ECLI:NL:RBROT:2024:6179
Rechtbank Rotterdam
- Eerste aanleg - enkelvoudig
- Rechtspraak.nl
Afwijzing verzoek voorlopige voorziening inzake rijgeschiktheid en schorsing rijbewijs
Op 3 juli 2024 heeft de voorzieningenrechter van de Rechtbank Rotterdam uitspraak gedaan in de zaak tussen verzoeker en de algemeen directeur van het Centraal Bureau Rijvaardigheidsbewijzen (CBR). Verzoeker had een verzoek ingediend om een voorlopige voorziening, omdat zijn rijbewijs was geschorst en hij verplicht was mee te werken aan een onderzoek naar zijn rijgeschiktheid. Dit besluit was genomen naar aanleiding van een verkeersongeval waarbij verzoeker onder invloed van alcohol was aangetroffen. De voorzieningenrechter oordeelde dat verzoeker onvoldoende aannemelijk had gemaakt dat er sprake was van een spoedeisend belang. Hij had niet onderbouwd dat het onmogelijk was om hulp in te roepen voor zijn werkzaamheden als marktkoopman, en er was geen bewijs van financiële problemen. Bovendien was de weigering om deel te nemen aan het psychiatrisch onderzoek niet voldoende om een spoedeisend belang aan te nemen.

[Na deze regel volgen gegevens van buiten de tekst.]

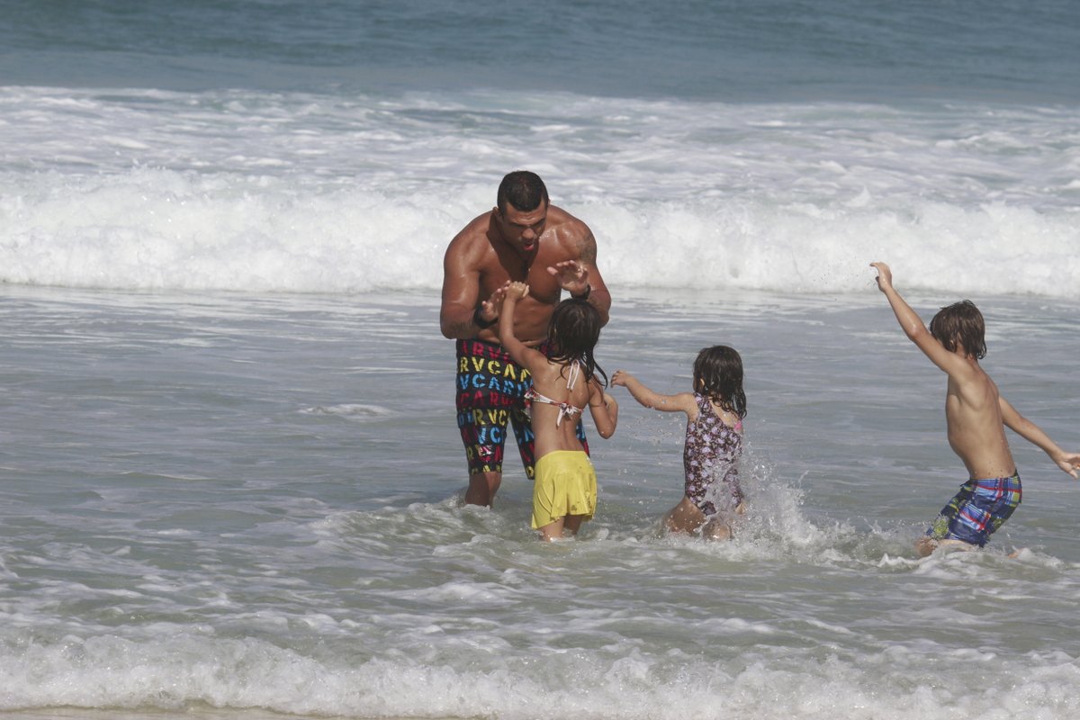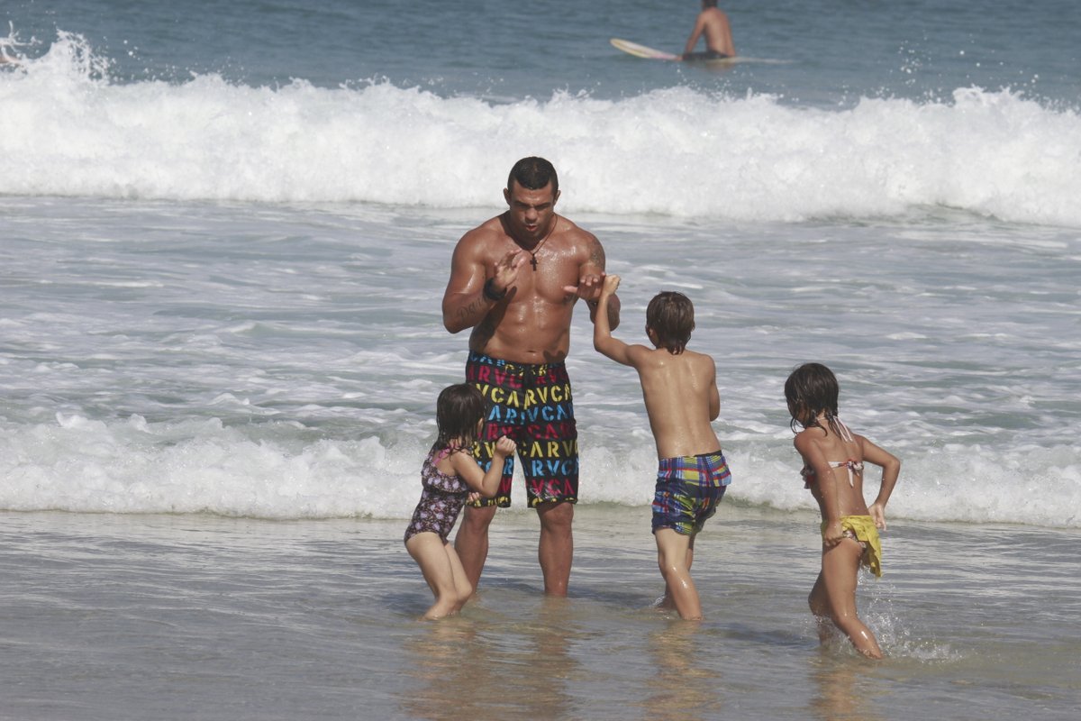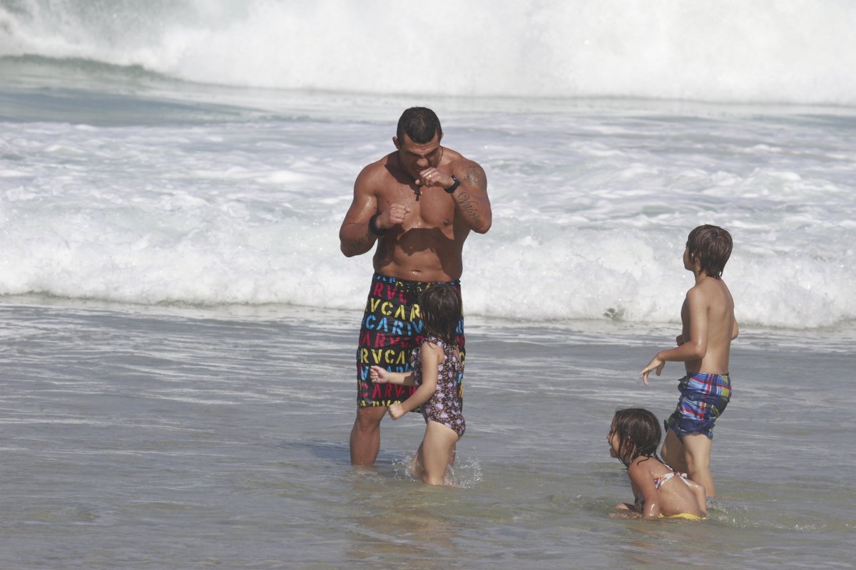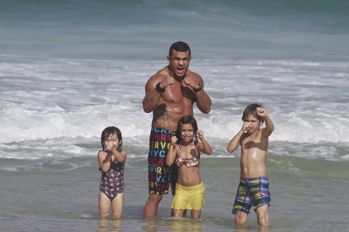 Os filhos de Vitor Belfort mostraram que 'filho de peixe, peixinho é' e imitaram a pose de combate do pai, durante o passeio pela Praia da Barra da Tijuca, no Rio de Janeiro, que o lutador realizou nesta terça-feira (11) com as crianças, Victoria, Davi e Kyara, frutos do seu casamento com Joana Prado.

De voorzieningenrechter concludeerde dat het CBR zich op basis van de beschikbare informatie terecht had opgesteld dat er een relatie was tussen de alcoholconsumptie en het besturen van een voertuig. Het verzoek om voorlopige voorziening werd afgewezen, waardoor de schorsing van het rijbewijs van verzoeker van kracht bleef en hij moest voldoen aan de verplichting om mee te werken aan het onderzoek naar zijn rijgeschiktheid.